For over a year I have been confined in a room with twenty-five other people, sharing the same space. There are no windows, no fresh air, no sunlight. We eat, sleep, use the toilet, shower and prepare meals in that same room. The conditions my actions have placed me in are inhumane. I do not say this to seek pity or sympathy. I am simply sharing my truth and the truth of my peers. We do not have drinking water and must boil it. We share a broken washing machine. I am surrounded by drugs and live each day with the constant threat of being stabbed or killed. My time at the MDC has changed me forever.
Before prison I cared for my family. Through my conduct I lost the ability to care for my mother, to raise and support my children. I have missed my daughters’ proms and ceremonies, I missed taking one of them to university. I have lost the freedom to teach my two-year-old daughter to speak, dance, play or comfort her when she has a nightmare.
I started from scratch and worked hard to earn everything I had. But through my conduct I have lost all my businesses. I have lost my career. I lost the charter schools I founded and have destroyed my reputation and stained that of those who worked for me. Among all my losses and lessons I can affirm that I will never again stand before a criminal court and I do not believe anyone else will do something similar out of fear of such a punishment. If you give me a chance, I would like to share my story to prevent at least one person from making the mistakes I made.
I cannot change the past, but I can change the future. I know God put me here to transform me. Since my incarceration I have undergone a spiritual reset. I am on a path that requires time and hard work. I am proud to say I am working harder than ever. I am committed to remaining drug-free, non-violent and peaceful. I thank God for now being stronger, wiser, clean, clear and sober. God does not make mistakes. I know this trial has received worldwide media attention and that Your Honour may feel inclined to impose a harsh, exemplary punishment. I ask you to make me an example of what a person can do if given a second chance.

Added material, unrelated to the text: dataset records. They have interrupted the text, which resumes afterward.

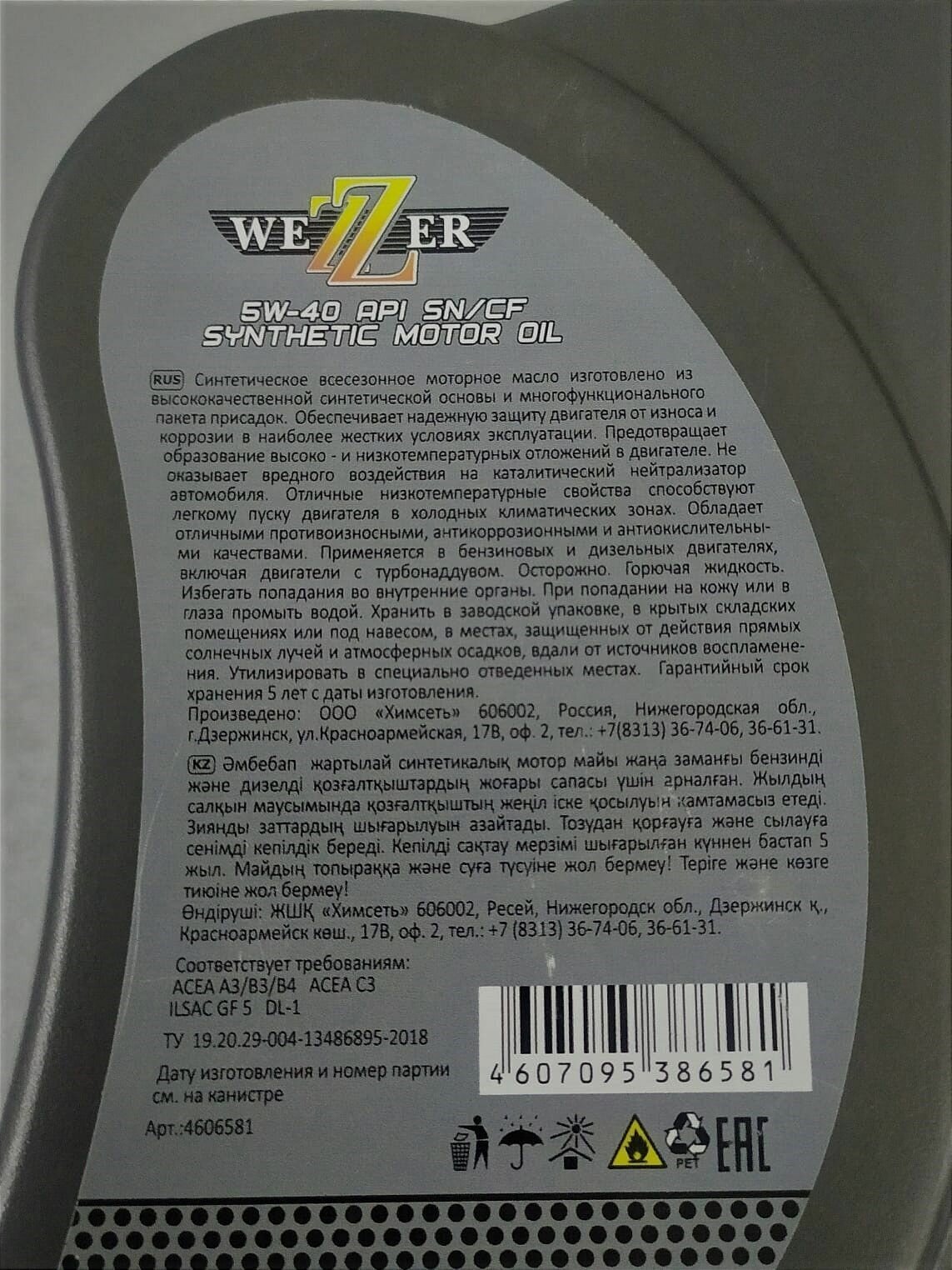 Масло моторное 5W40 WEZZER PLATINUM (1 л) интересное:
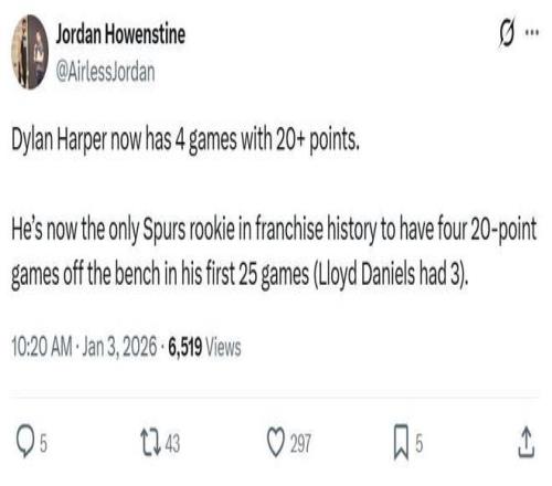 在生涯前25场比赛中替补拿下4次20+得分表现,也让哈珀超越罗伊德-丹尼尔斯创造马刺新的队史纪录。
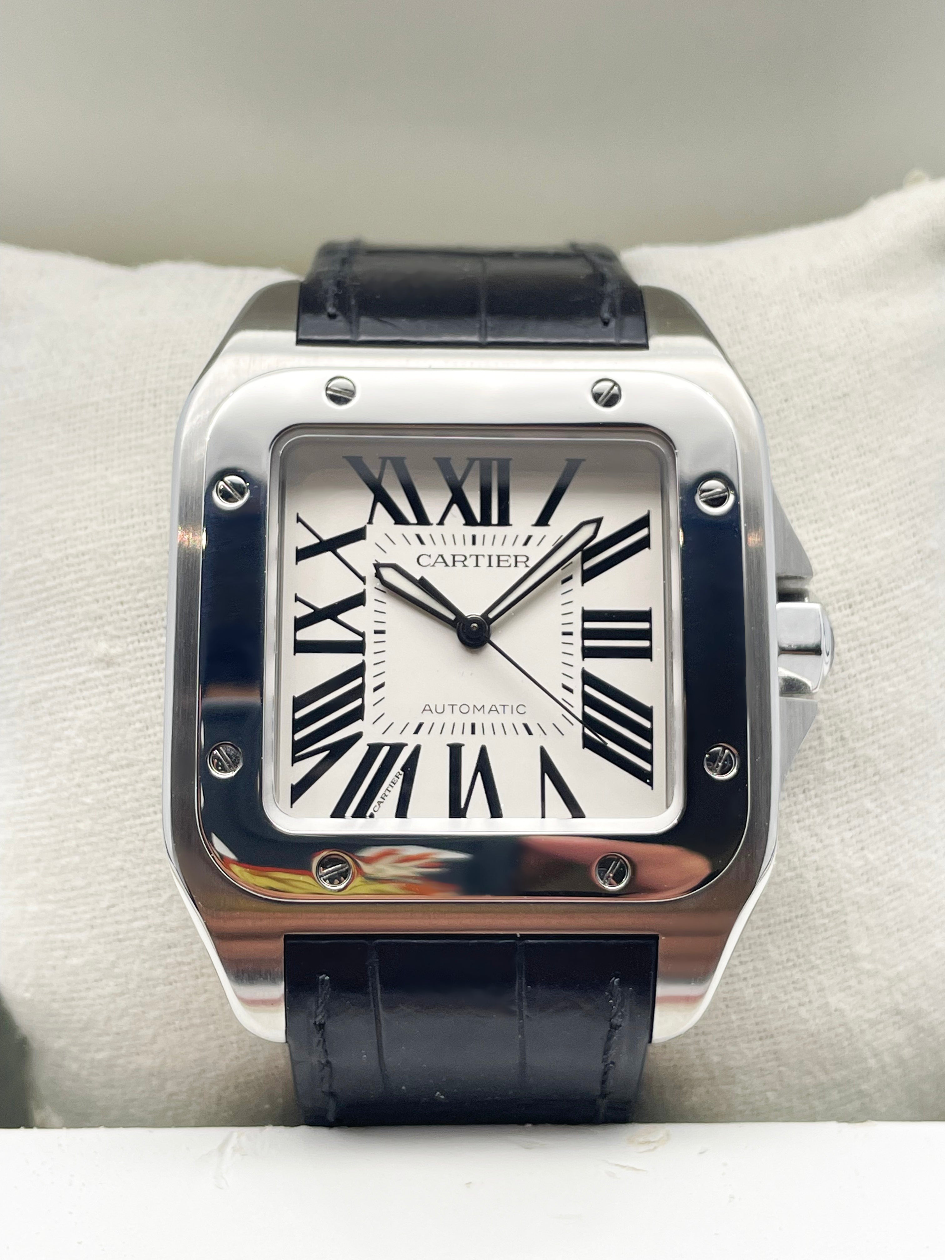 Discontinued in 2017, the Santos 100 W20073X8 has become increasingly collectible, as it represents a modern yet faithful tribute to one of Cartier's most storied designs. Its departure from production has further solidified its status as a sought-after timepiece, appealing to those who appreciate the fusion of Cartier's classic heritage with a more contemporary, oversized aesthetic. The discontinuation has also enhanced its allure on the pre-owned market, making it a coveted model for collectors and enthusiasts alike.
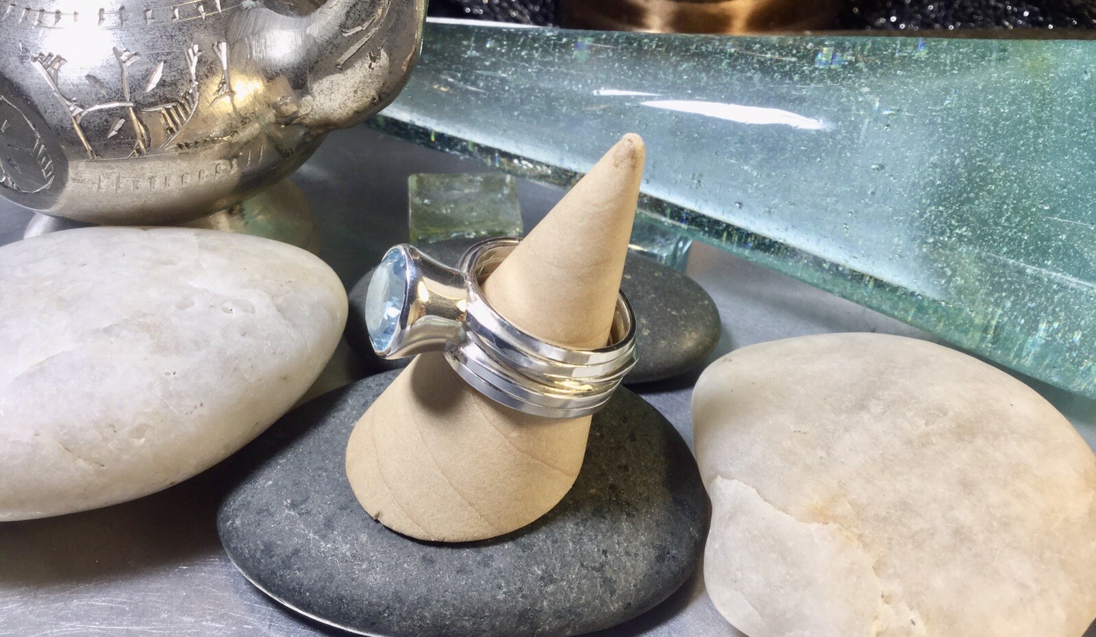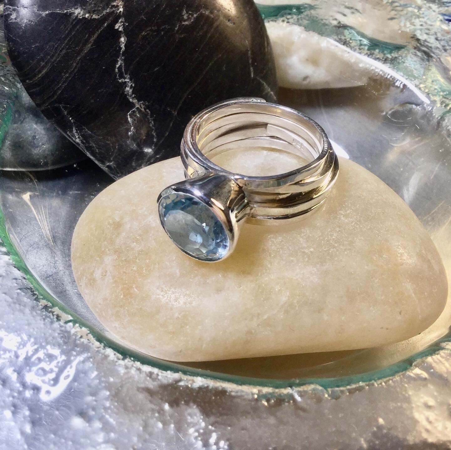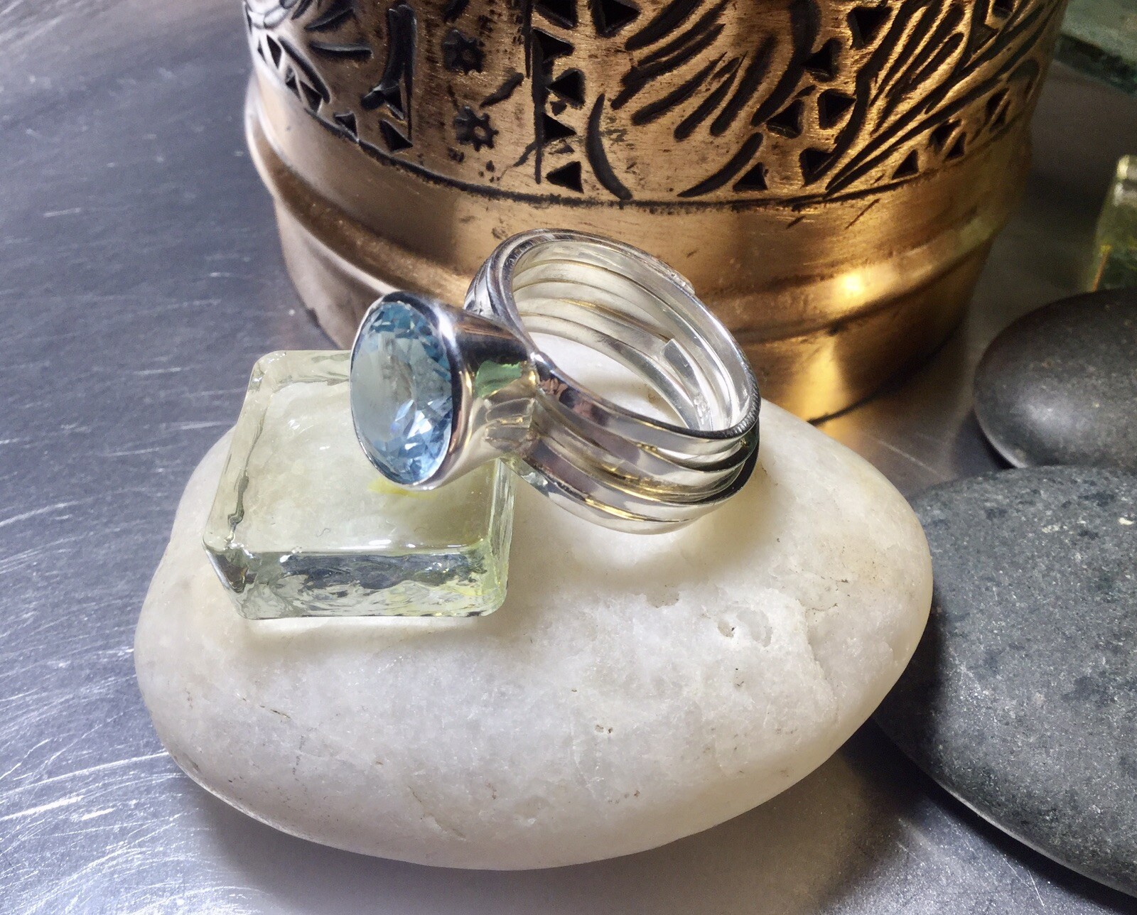 Genuine 925 Sterling Silver Large Chunky Blue Topaz Gemstone Ring Size 2 sizes
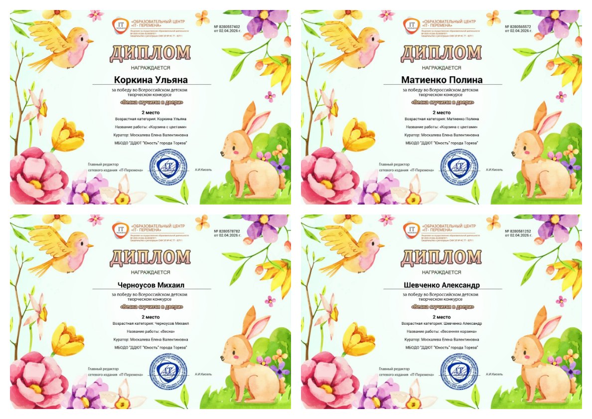 Обучающиеся образцового художественного коллектива «Школа красоты» (педагог Москалева Е.В.) приняли участие во Всероссийском детском творческом конкурсе «Весна стучится в двери» (платформа «ИТ-Перемена»). Итоги конкурса – 9 первых и 4 вторых места! 1 место – Аверкина Лина, Гридина София, Гурова Лилия, Ивашина Полина, Саморядова Мария, Починко Ярослава, Подрезова Мария, Крушельницкая Кира. 2 место - Шевченко Александр, Черноусов Мизаил, Матиенко Полина, Коркина Ульяна. Педагог награждена благодарственным письмом. Мы вами гордимся!
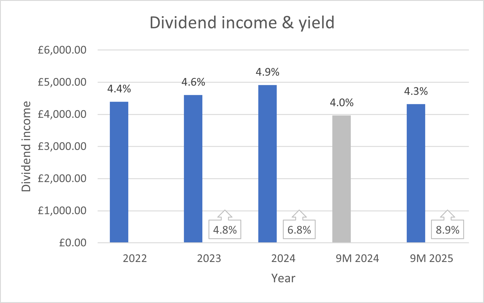 Scroll L-R (Data source: SharePad/author analysis. Some adjustments were needed. *Dividend yields were weighted to reflect position size from 2025 onwards. Prior to this they were simply averaged.)

If you allow me to return home to my family, I promise not to let you down and to make you proud.
Today, I humbly ask for another chance: another chance to be a better father, a better son, a better leader in my community and to live a better life. I do not write this to gain sympathy or pity. This experience is the truth of my existence and has changed my life forever. I will never commit a crime again.
Thank you for your time and consideration.